BODY PARK JUDO CUS BERGAMO ASD

Alpe Adria in sordina, ma a Gerenzano Giovanni Tosti conquista la prima medaglia (d’oro) del Body Park nel 2020

L’anno solare inizia così così per Body Park, con la presenza senza il botto a Lignano per tre atleti gialloblu. Si ferma dopo la vittoria al primo turno, l’avventura all’Alpe Adria per Andrea Biffi (50 kg). Non basta infatti avere la meglio su Alessandro Russo del Judo Fazi, perchè Alessio De Luca (Ginn.Triestina) al secondo turno conquista un wazaari in tai otoshi e ferma l’atleta di Bergamo. Non va meglio a Matteo Daprà (66 kg), che pur combattendo molto bene nonostante la lontananza dalle competizioni e tirando l’incontro fino al GS, subisce wazaari dall’atleta austriaco grazie ad un de ashi barai. A 81 kg U21 Massimiliano Maino riesce a chiudere l’incontro per un wazaari, grazie ad un bel sukashi nage su Matteo Pirotta (Robur et Fides), mentre si arrende per doppio wazaari, dopo averne marcato uno a suo vantaggio, con Boldini. Da segnalare l’argento a 100 kg, vinto da Enrico Bergamelli (Carabinieri).
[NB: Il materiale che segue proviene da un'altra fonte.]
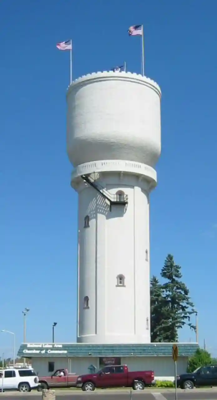 The Brainerd Water Tower is located at Sixth and Washington in Brainerd in the U.S. state of Minnesota. Built in 1918, it was the first all-concrete elevated tank used by a municipality in the United States; even though it was replaced in 1960, it remains standing as an icon of the town. It is referred to as "Paul Bunyan's Cup" or "Paul Bunyan's Flashlight" by local residents. The similar Pipestone Water Tower, also made of concrete, located in Pipestone, Minnesota, is the only other water tower in the United States known to have been designed by the architect L.P. Wolff. Read more on Wikipedia

Ci pensa quindi una settimana dopo Giovanni Tosti ad inaugurare il medagliere 2020 del sodalizio orobico, conquistando a Gerenzano la medaglia d’oro a 90 kg dopo tre incontri vinti per ippon, in un girone all’italiana in cui il solo Christian Sagunti (J.C. Castellanza) riesce ad impensierire il seriatese, ma un o uchi più osaekomi chiude comunque l’incontro prima del limite. Nel secondo match Davide Capra (Buyukan Judo) subisce ippon di morote seoi e nell’incontro che vale la medaglia d’oro, Giovanni si impone su Quaranta (Judo Milano) con una combinazione uchi mata-o uchi gari marcando ippon. Nella stessa giornata rompe il ghiaccio con il podio anche Alice Noris, che sale sul terzo gradino del podio dopo l’iniziale sconfitta con Gaia Maestri del Sakura Forlì(tani otoshi marcato wazaari e ippon di strangolamento in un’azione successiva), ma si riprende bene sia con ChiaraFrizziero del Judo Lissone (doppio wazaari) che nella finale per il bronzo con Eleonora Dellagli (Jitakyoei Milano, grazie ad un wazaari di ko uchi gari e un ippon di o soto gari.